━━ Data for this task

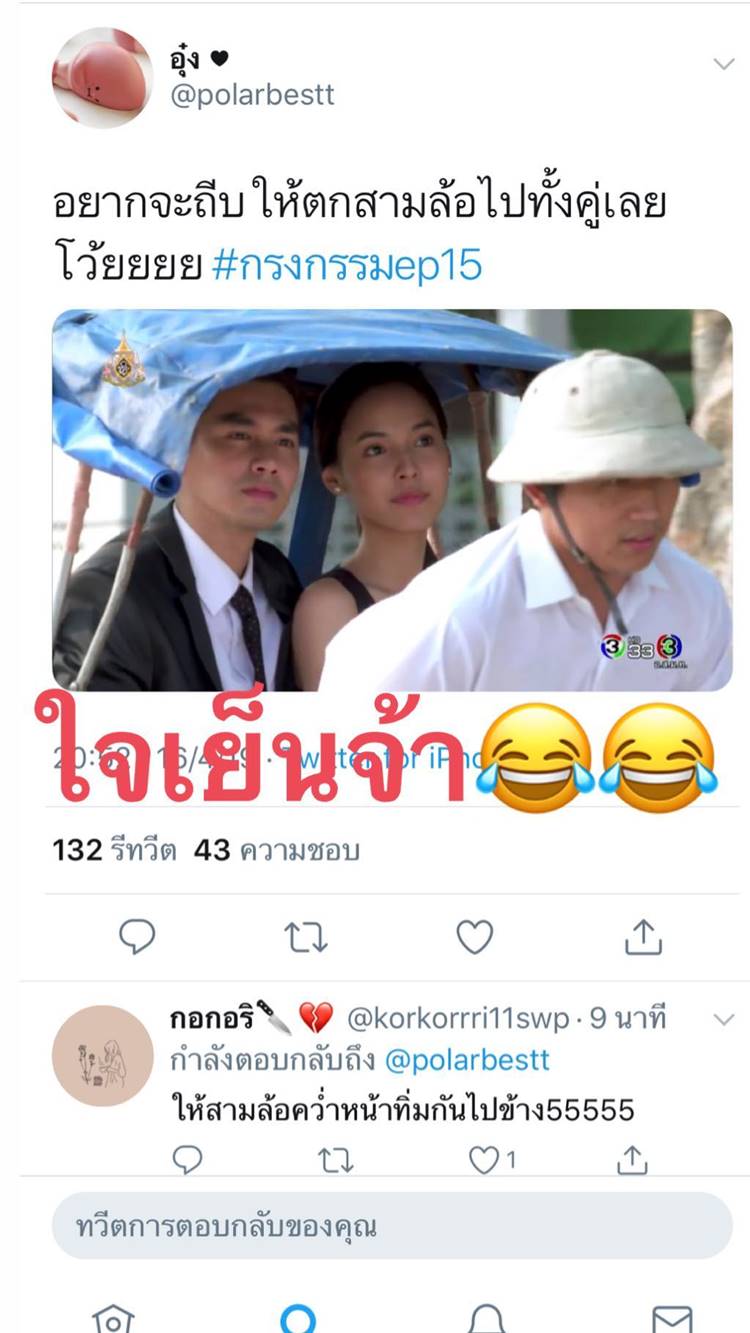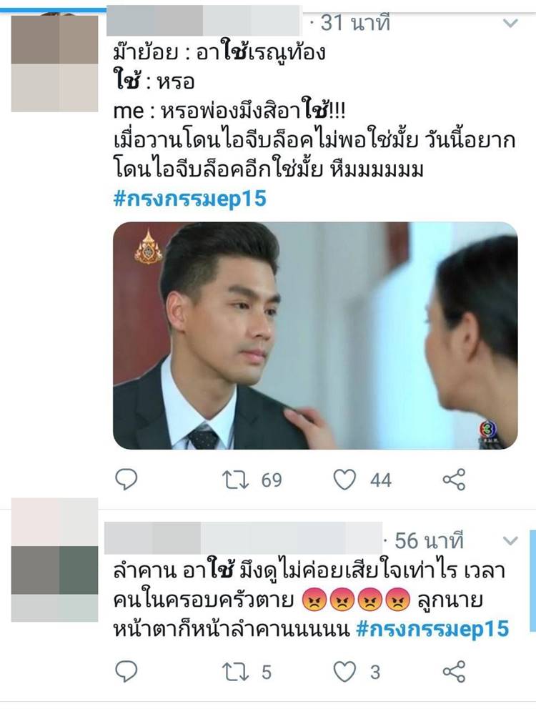ขณะที่หนุ่ม เพ็ชร ฐกฤต ผู้รับบท อาใช้ ก็ดูจะรู้ชะตากรรมตัวเอง โพสต์รูปจากในละครลง IG พร้อมข้อความว่า "ตอนนี้หน้าเฮียไม่ใช่หน้าคนแล้วจ้า ใครเกลียดเฮีย... มากองรวมกันตรงนี้จ๊าาาา #เบาๆเดี๋ยวความดันขึ้น #กรงกรรม#เฮียใช้" ไม่รู้ว่ารอบนี้จะโดนด่าหนัก จน IG รวนอีกรอบหรือเปล่า (ฮา)
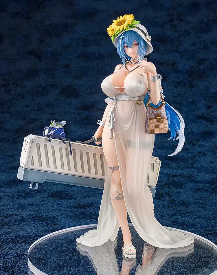 出自超人氣社群遊戲《少女前線》,「DP-12」以2022年實施的泳裝主題裝扮「熙光寓言」造型化身為比例模型登場!以主題裝扮插畫為原圖忠實地製成模型,帶有透明感的側邊開衩連衣裙也採用透明材質表現。另外,連身裙與向日葵帽可自由拆裝的樣式,能打造更涼爽的裝扮。敬請將於陽光下波浪邊搖曳的「DP-12」帶回家吧。
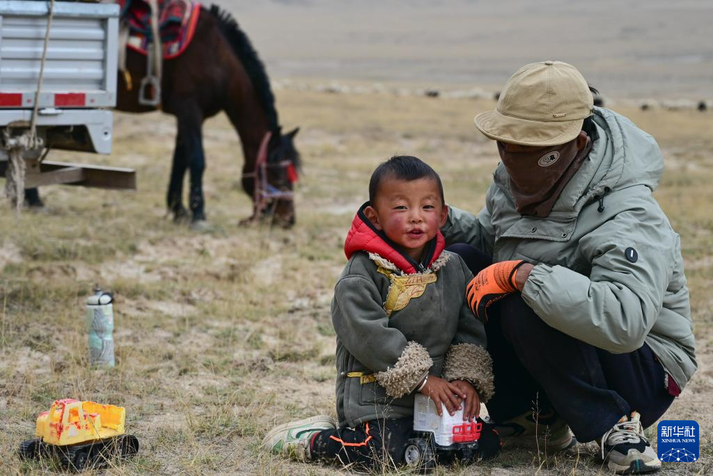9月9日,在青海省海西蒙古族藏族自治州都兰县,牧民龙宫的小孙子在转场休息时玩汽车玩具。
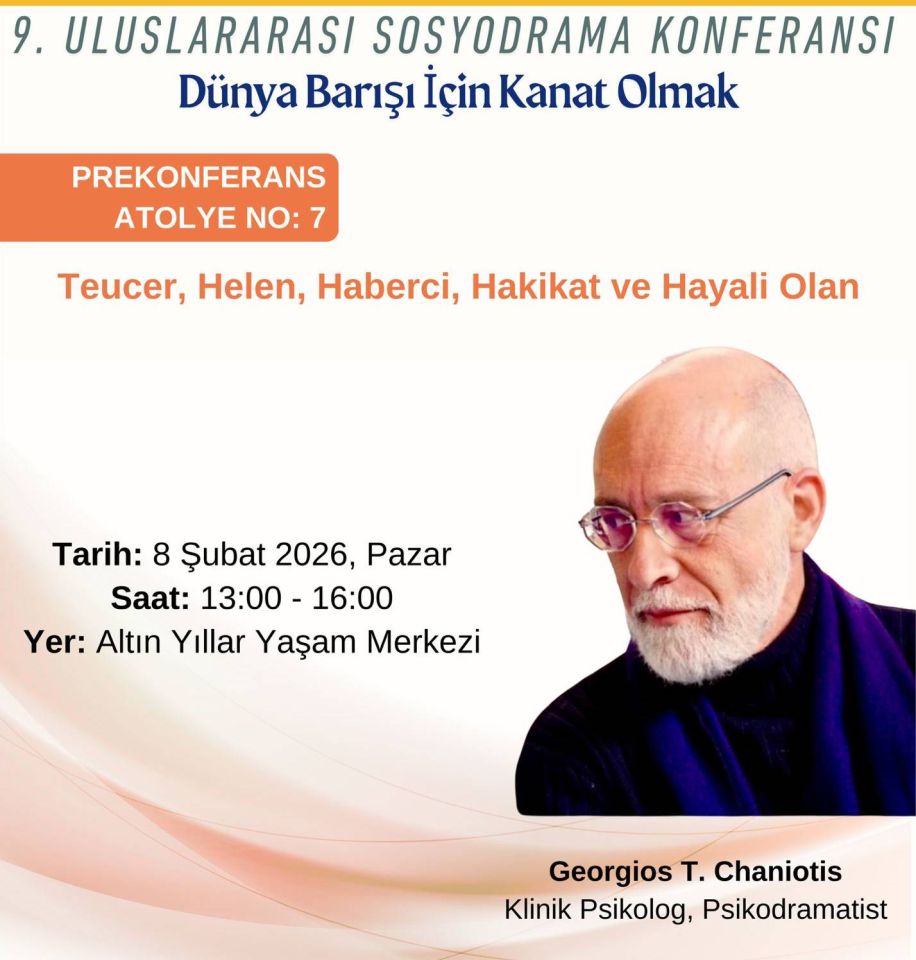 “Dünya Barışı İçin Kanat Olmak” sloganıyla çalışmaları yürütülen 9. Uluslararası Sosyodrama Konferansı öncesinde düzenlenen ön konferans atölyeleri kapsamında, klinik psikolog ve psikodramatist Georgios T. Chaniotis ile yürütülecek “Teucer, Helen, the Messenger, Truth and the Imaginary” başlıklı çalışma, 8 Şubat 2026 Pazar günü 13.00-16.00 saatleri arasında Altın Yıllar Yaşam Merkezi'nde gerçekleşecek.
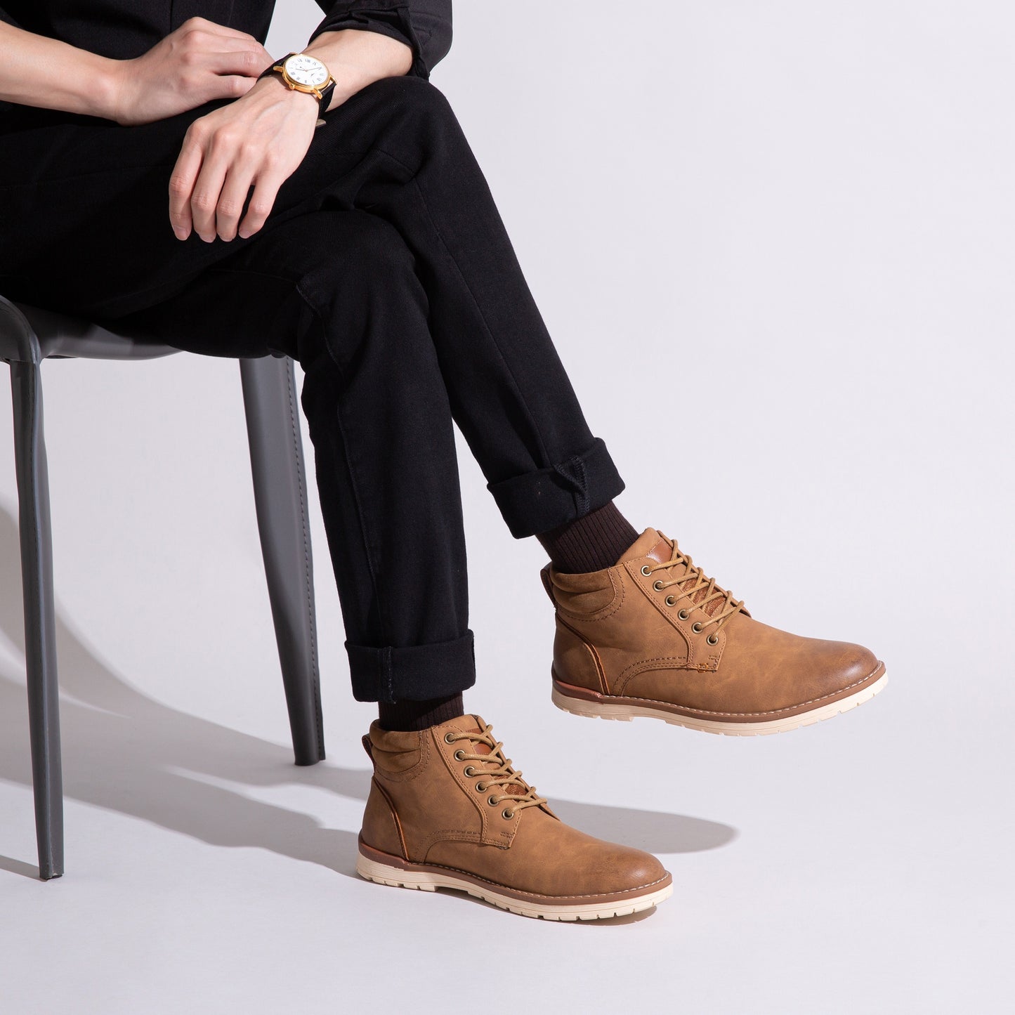 Comfy Non Slip Vintage Solid Colour Men's High Top Riding Boots - Durable Chukka Shoes For Outdoor Activities
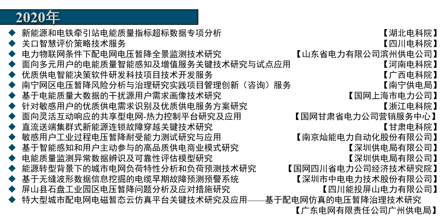 • 电网公司:国网总调、四川省调、山西省调、云南省调、成都电力局、重庆电力局、南京电力局、杭州电力局、济南电力局、四川省检修公司、北京市供电公司、上海市电力公司、天府新区供电公司、佛山电力局、南网电科院、昆明供电局、广西电科院等。

━━━━

Your objective:
Exactness is what counts here: copy each entry as given and omit its pictures.

Solution to the exercise:
ขณะที่หนุ่ม เพ็ชร ฐกฤต ผู้รับบท อาใช้ ก็ดูจะรู้ชะตากรรมตัวเอง โพสต์รูปจากในละครลง IG พร้อมข้อความว่า "ตอนนี้หน้าเฮียไม่ใช่หน้าคนแล้วจ้า ใครเกลียดเฮีย... มากองรวมกันตรงนี้จ๊าาาา #เบาๆเดี๋ยวความดันขึ้น #กรงกรรม#เฮียใช้" ไม่รู้ว่ารอบนี้จะโดนด่าหนัก จน IG รวนอีกรอบหรือเปล่า (ฮา)
 出自超人氣社群遊戲《少女前線》,「DP-12」以2022年實施的泳裝主題裝扮「熙光寓言」造型化身為比例模型登場!以主題裝扮插畫為原圖忠實地製成模型,帶有透明感的側邊開衩連衣裙也採用透明材質表現。另外,連身裙與向日葵帽可自由拆裝的樣式,能打造更涼爽的裝扮。敬請將於陽光下波浪邊搖曳的「DP-12」帶回家吧。
9月9日,在青海省海西蒙古族藏族自治州都兰县,牧民龙宫的小孙子在转场休息时玩汽车玩具。
 “Dünya Barışı İçin Kanat Olmak” sloganıyla çalışmaları yürütülen 9. Uluslararası Sosyodrama Konferansı öncesinde düzenlenen ön konferans atölyeleri kapsamında, klinik psikolog ve psikodramatist Georgios T. Chaniotis ile yürütülecek “Teucer, Helen, the Messenger, Truth and the Imaginary” başlıklı çalışma, 8 Şubat 2026 Pazar günü 13.00-16.00 saatleri arasında Altın Yıllar Yaşam Merkezi'nde gerçekleşecek.
 Comfy Non Slip Vintage Solid Colour Men's High Top Riding Boots - Durable Chukka Shoes For Outdoor Activities
 • 电网公司:国网总调、四川省调、山西省调、云南省调、成都电力局、重庆电力局、南京电力局、杭州电力局、济南电力局、四川省检修公司、北京市供电公司、上海市电力公司、天府新区供电公司、佛山电力局、南网电科院、昆明供电局、广西电科院等。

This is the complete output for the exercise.